***** Data provided *****

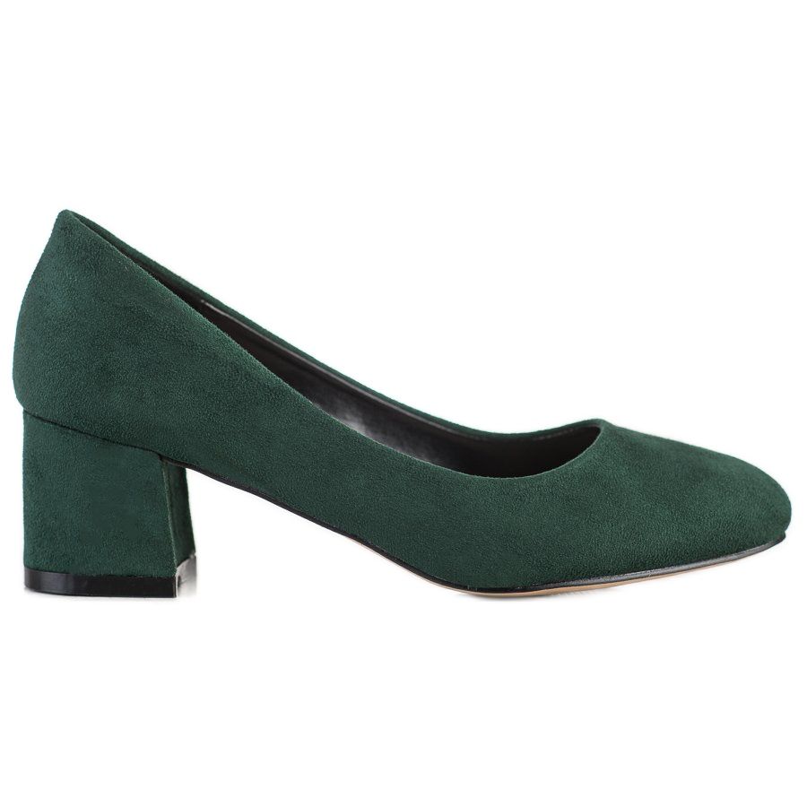 A széles zöld sarkú Sabatina pumpák elegáns kiegészítők minden nő számára, aki ötvözni szeretné a kényelmet a klasszikus stílussal. A kiváló minőségű velúrutánzatból készült cipők puha, zárt sarokpulttal rendelkeznek, amely még hosszabb viselés esetén is kényelmet biztosít. A lenyűgöző, 5,5 cm magas oszlop finom kecsességet kölcsönöz, ugyanakkor stabilitást biztosít minden lépésnél.
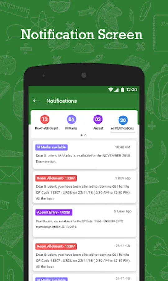 download alert, room allotment alert, results announcement etc through this
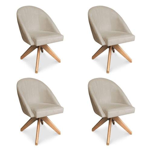Kit 04 Poltronas Cadeira Giratória Bela Veludo Base De Madeira - Pallazio Cor Rosê
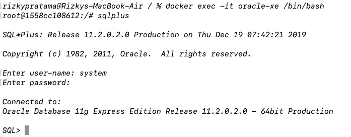 5. Membuat container untuk Oracle XE, port default oracle yaitu 1521, jadi pastikan port tersebut belum dipakai di laptop/komputer Mac kamu. Untuk membuat container Oracle XE, jalankan command berikut
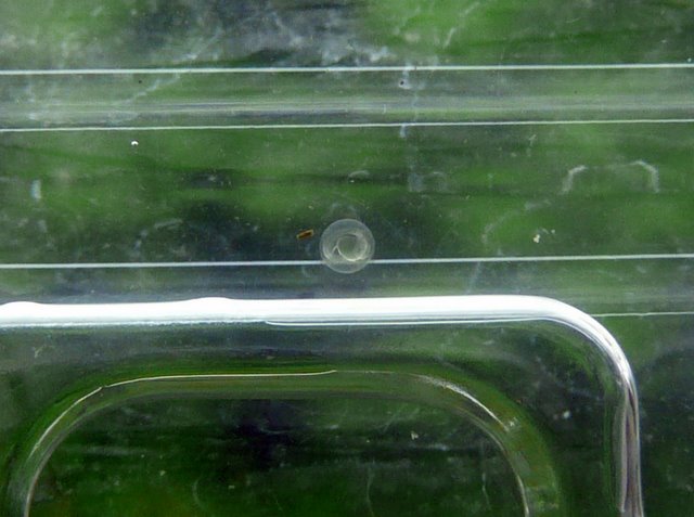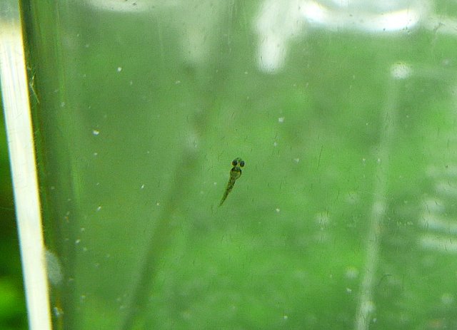 孵化直後から自由遊泳するまでは、水槽の底や側面についてじっとしています(もちろん泳げます)。
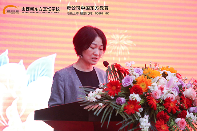 新东方烹饪学校于校长发表致辞,于校长指出:“今天,我们相聚在这里,共同开启2025年度美食营养师培训的新篇章。在这个快速发展的时代,餐饮行业正经历着深刻的变革。从街边小吃摊到国际化的连锁餐厅,从传统的中式美食到多元融合的世界料理,我们的餐饮市场日益繁荣,消费者的需求也愈发多元化和个性化。据相关数据显示,在过去的五年里,我国连锁餐饮企业的数量增长了30%,而消费者对健康营养美食的关注度提升了50%以上 。这充分表明,兼具美食烹饪技能与营养管理知识的专业人才,已成为当下餐饮市场的稀缺资源,更是推动行业可持续发展的关键力量。”
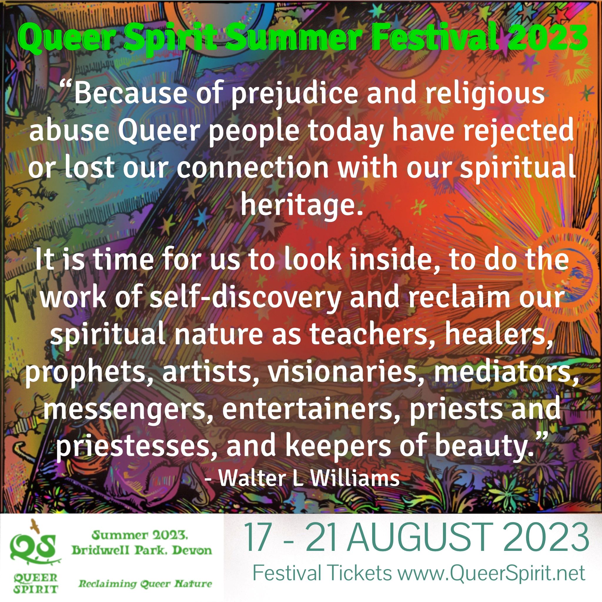 Queer Spirit Festival is part of a global awakening to the spiritual history, nature and calling of Lesbian-Gay-Bi-Trans-Queer People...
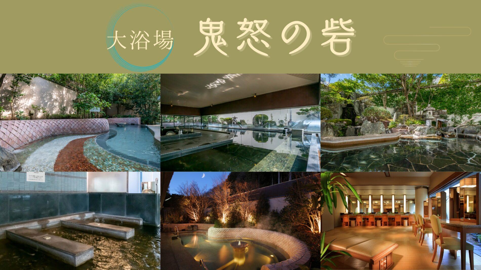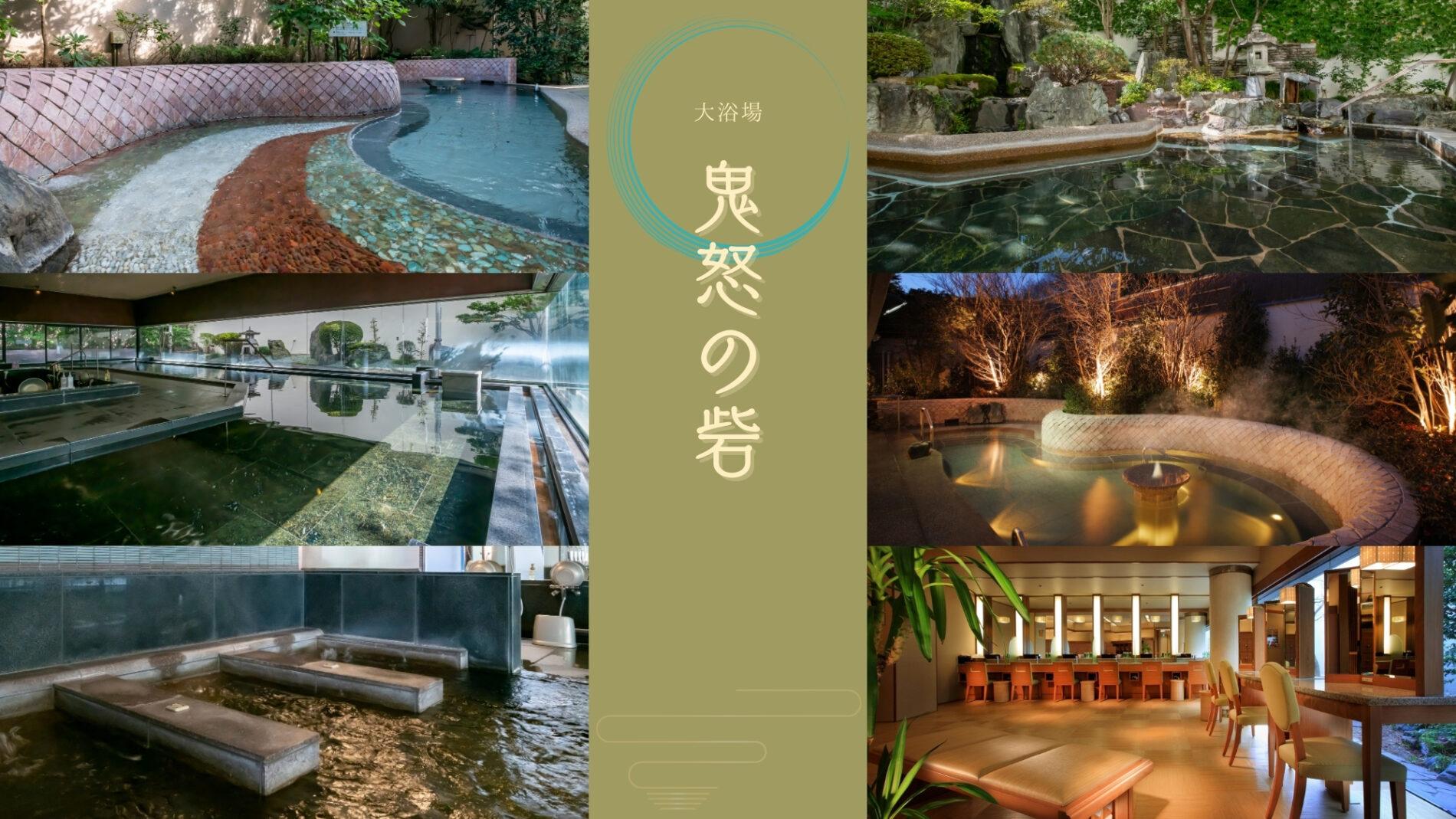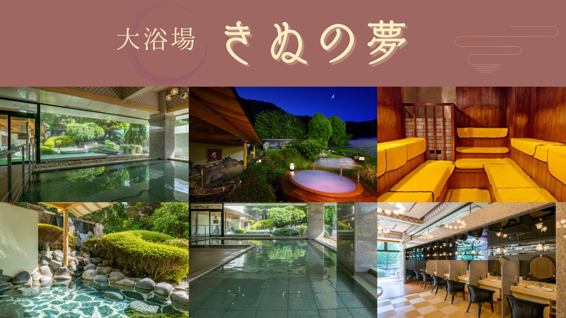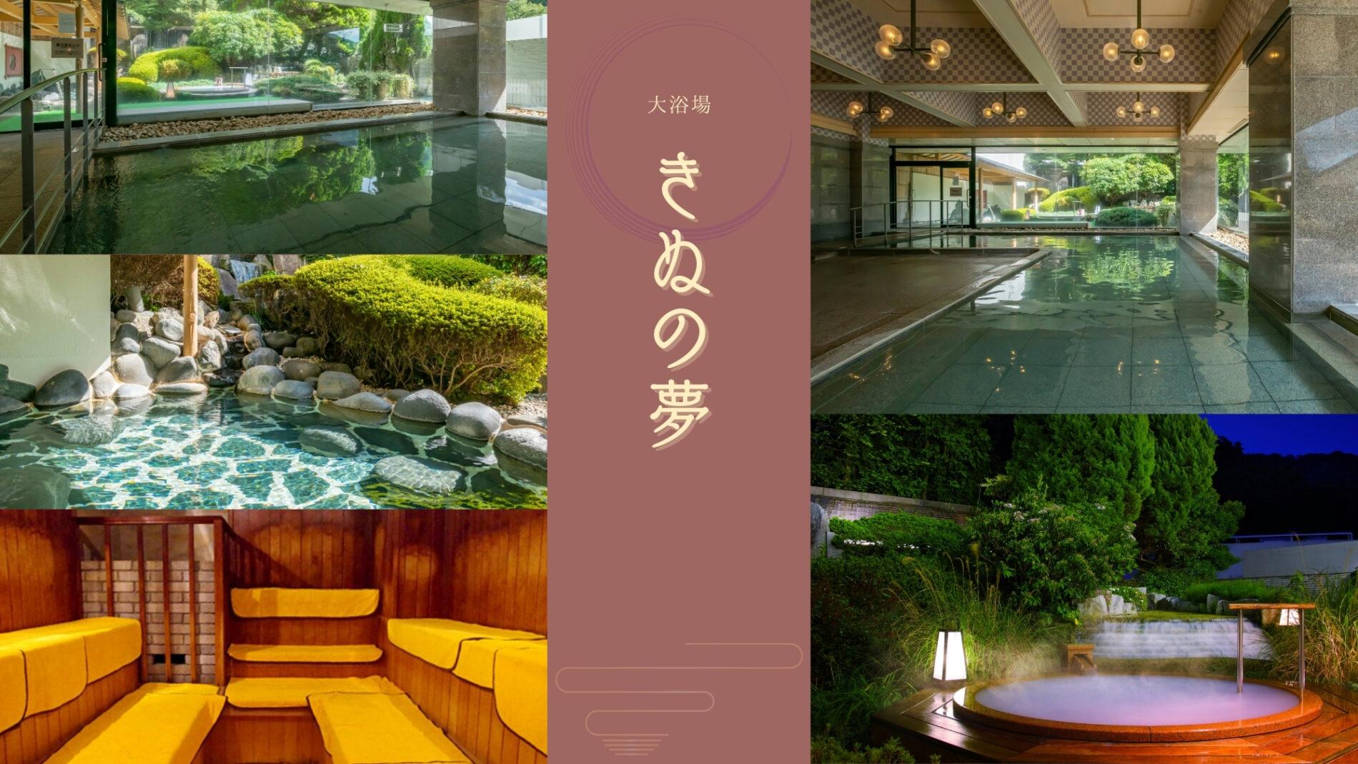 広々としたふたつの大浴場『鬼怒の砦』と『きぬの夢』それに付随するそれぞれふたつの露天風呂。庭園に面した開放的な眺めが心まで癒やします。男女のお風呂が入れ替え制なので、あわせて九つの湯がお楽しみいただけます。
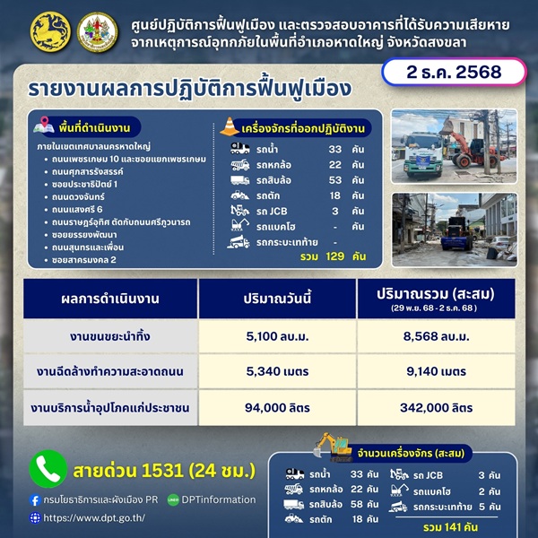 วันที่ 2 ธันวาคม 2568 กรมโยธาธิการและผังเมือง โดย ศูนย์ปฏิบัติการฟื้นฟูเมือง และตรวจสอบอาคารที่ได้รับความเสียหายจากเหตุการณ์อุทกภัย ในพื้นที่อำเภอหาดใหญ่ จังหวัดสงขลา (ส่วนหน้า) รับข้อสั่งการจาก นายอรรษิษฐ์ สัมพันธรัตน์ ปลัดกระทรวงมหาดไทย เสริมทีมปฏิบัติการฟื้นฟูพื้นที่ โซนที่ 3 ตั้งแต่ถนนทางหลวงชนบท 2029 ถึงคลองอู่ตะเภา เพิ่มเติมจากพื้นที่ที่รับผิดชอบเดิม คือ โซน 1 และ โซน 4 เพื่อเร่งฟื้นฟูพื้นที่ประสบอุทกภัยในเขตอำเภอหาดใหญ่ จังหวัดสงขลา และยกระดับความปลอดภัยของประชาชนอย่างเร่งด่วน
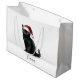 Schwarze Katze auf festlichem Weihnachtsmannmütze Große Geschenktüte
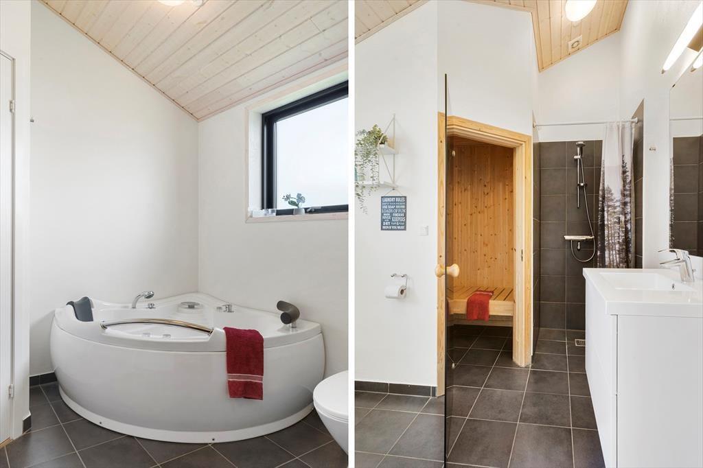 Sommerhuset er præget af en gennemført og stilsikker indretning, hvor alle kvadratmeter er godt inddraget og der er fundet gode og funktionelle løsninger for en optimal udnyttelse. Der er panoramavinduer på den ene langside af huset, herfra kan man nyde Saltums charmerende landskab. Med brændeovn, spa og sauna samt gasgrill udendørs, har man en stor grad af komfort, og til børnene er her barnestol og seng samt masser af dine udendørs tiltag. Køkkenet er åbent og ligger i forlængelse af spisepladsen, i forlængelse heraf kommer sofahjørnet med tvSommerhuset har to badeværelser og otte sovepladser, så uanset om man er en stor familie eller to par afsted sammen, er huset velegnet til en uforglemmelig ferie i det nordjyske. Som en naturlig selvfølge er der Internet installeret i huset.

*****

The problem: Begin at the first line of the data above and repeat each line exactly, stopping after the line containing "Schwarze Katze auf". Omit the pictures.

Response area:
 A széles zöld sarkú Sabatina pumpák elegáns kiegészítők minden nő számára, aki ötvözni szeretné a kényelmet a klasszikus stílussal. A kiváló minőségű velúrutánzatból készült cipők puha, zárt sarokpulttal rendelkeznek, amely még hosszabb viselés esetén is kényelmet biztosít. A lenyűgöző, 5,5 cm magas oszlop finom kecsességet kölcsönöz, ugyanakkor stabilitást biztosít minden lépésnél.
 download alert, room allotment alert, results announcement etc through this
Kit 04 Poltronas Cadeira Giratória Bela Veludo Base De Madeira - Pallazio Cor Rosê
 5. Membuat container untuk Oracle XE, port default oracle yaitu 1521, jadi pastikan port tersebut belum dipakai di laptop/komputer Mac kamu. Untuk membuat container Oracle XE, jalankan command berikut
 孵化直後から自由遊泳するまでは、水槽の底や側面についてじっとしています(もちろん泳げます)。
 新东方烹饪学校于校长发表致辞,于校长指出:“今天,我们相聚在这里,共同开启2025年度美食营养师培训的新篇章。在这个快速发展的时代,餐饮行业正经历着深刻的变革。从街边小吃摊到国际化的连锁餐厅,从传统的中式美食到多元融合的世界料理,我们的餐饮市场日益繁荣,消费者的需求也愈发多元化和个性化。据相关数据显示,在过去的五年里,我国连锁餐饮企业的数量增长了30%,而消费者对健康营养美食的关注度提升了50%以上 。这充分表明,兼具美食烹饪技能与营养管理知识的专业人才,已成为当下餐饮市场的稀缺资源,更是推动行业可持续发展的关键力量。”
 Queer Spirit Festival is part of a global awakening to the spiritual history, nature and calling of Lesbian-Gay-Bi-Trans-Queer People...
 広々としたふたつの大浴場『鬼怒の砦』と『きぬの夢』それに付随するそれぞれふたつの露天風呂。庭園に面した開放的な眺めが心まで癒やします。男女のお風呂が入れ替え制なので、あわせて九つの湯がお楽しみいただけます。
 วันที่ 2 ธันวาคม 2568 กรมโยธาธิการและผังเมือง โดย ศูนย์ปฏิบัติการฟื้นฟูเมือง และตรวจสอบอาคารที่ได้รับความเสียหายจากเหตุการณ์อุทกภัย ในพื้นที่อำเภอหาดใหญ่ จังหวัดสงขลา (ส่วนหน้า) รับข้อสั่งการจาก นายอรรษิษฐ์ สัมพันธรัตน์ ปลัดกระทรวงมหาดไทย เสริมทีมปฏิบัติการฟื้นฟูพื้นที่ โซนที่ 3 ตั้งแต่ถนนทางหลวงชนบท 2029 ถึงคลองอู่ตะเภา เพิ่มเติมจากพื้นที่ที่รับผิดชอบเดิม คือ โซน 1 และ โซน 4 เพื่อเร่งฟื้นฟูพื้นที่ประสบอุทกภัยในเขตอำเภอหาดใหญ่ จังหวัดสงขลา และยกระดับความปลอดภัยของประชาชนอย่างเร่งด่วน
 Schwarze Katze auf festlichem Weihnachtsmannmütze Große Geschenktüte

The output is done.